It doesn't matter what he says. All that matters is that he asks the question back so she can say “that beard” or “this house.”

“You know what? There is one thing I would change about you.” Ronan looks so serious that she feels scared, then she sees the softness in his gray eyes. “I'd change your childhood. Your father taking off. Your mother going crazy like that. I'd change it so you had a happier beginning.”

*   *   *

“How can I get Ronan to give me flowers?” Mia asks Katy.

“Ask him. Say, ‘Ronan, I'm a woman, I desire flowers, buy some for me.'”

Mia gives her sister a withering look.

“Did you ask Phil to bring you those?” There is a vase of bright orange Asiatic lilies on Katy's table. A bud vase with a single white rose on the mantelpiece. A spray of pink orchids in a water glass on the windowsill.

Katy laughs. “Phil's sister owns a flower shop on Camden Street. He's in and out of there every other day.”

Maybe that's what she should do, Mia decides. Bring Ronan to a florist's. Make him think buying flowers is his idea, like getting rid of the beard. The beard is gone. It was easy in the end. She told him that kissing him was giving her a rash, and the next time she met him he had shaved it off. He looks kind of strange without it, a bit exposed. Not quite himself, but definitely better. It will just take getting used to.

*   *   *

Hilary's work is being exhibited as part of a group show in a gallery on Merrion Row. If, Mia thinks, you could call a dozen suitcases full of random objects surrounded by piles of junk “work.”

Ronan drags her to the opening night. She stands beside him, reading Hilary's artist's statement over his shoulder.

Title:
I Am a Sad Case.

The idiosyncratic selection of luggage items coupled with their random organization forms a galaxy of densities implying an idiomatic syntax of organic fluctuation.

Materials: Found objects.

Mostly found, Mia thinks, by Ronan when he and Mia were in hurry to get somewhere.

Hilary is looking nervous. She's wearing lace-up Dr. Martens with a green satin prom dress. There are dark green patches of sweat under the arms, Mia notes.
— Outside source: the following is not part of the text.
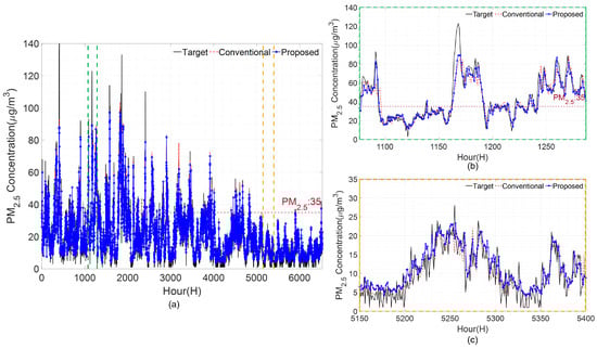Results of the PM concentration forecast by deep learning model at the Seocho-gu station: (a) Test data section, (b) high-concentration section, and (c) low-concentration section.

Ronan has told Mia that it's a given that Hilary's installation won't sell, but that it needs a good reception from certain key critics to secure her funding.
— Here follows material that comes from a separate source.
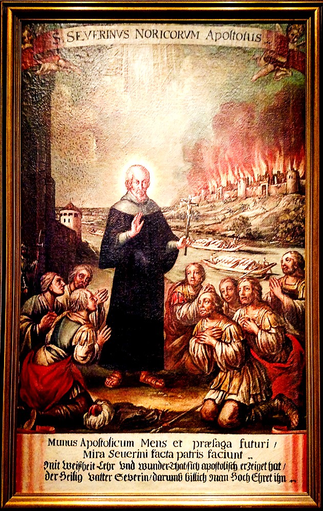 Severinus was a high-born Roman living as an Hermit in the East. He was an ascetic in practice. He is first recorded as travelling along the Danube in Noricum and Bavaria, preaching Christianity, procuring supplies for the starving, redeeming captives and establishing Monasteries at Passau and Favianae,

She shoots Mia a jittery look now and plucks at Ronan's sleeve. “Shit,” she whispers, nodding at a knot of journalists who have just arrived. “The wolves are gathering.”

Ronan pulls her in for a hug, then ducks his head down so he can butt her forehead with his.

“You rock!” he says.

“Yeah, but what if I fucking don't?” she whispers.

He sways her from side to side. “You're rocking now.”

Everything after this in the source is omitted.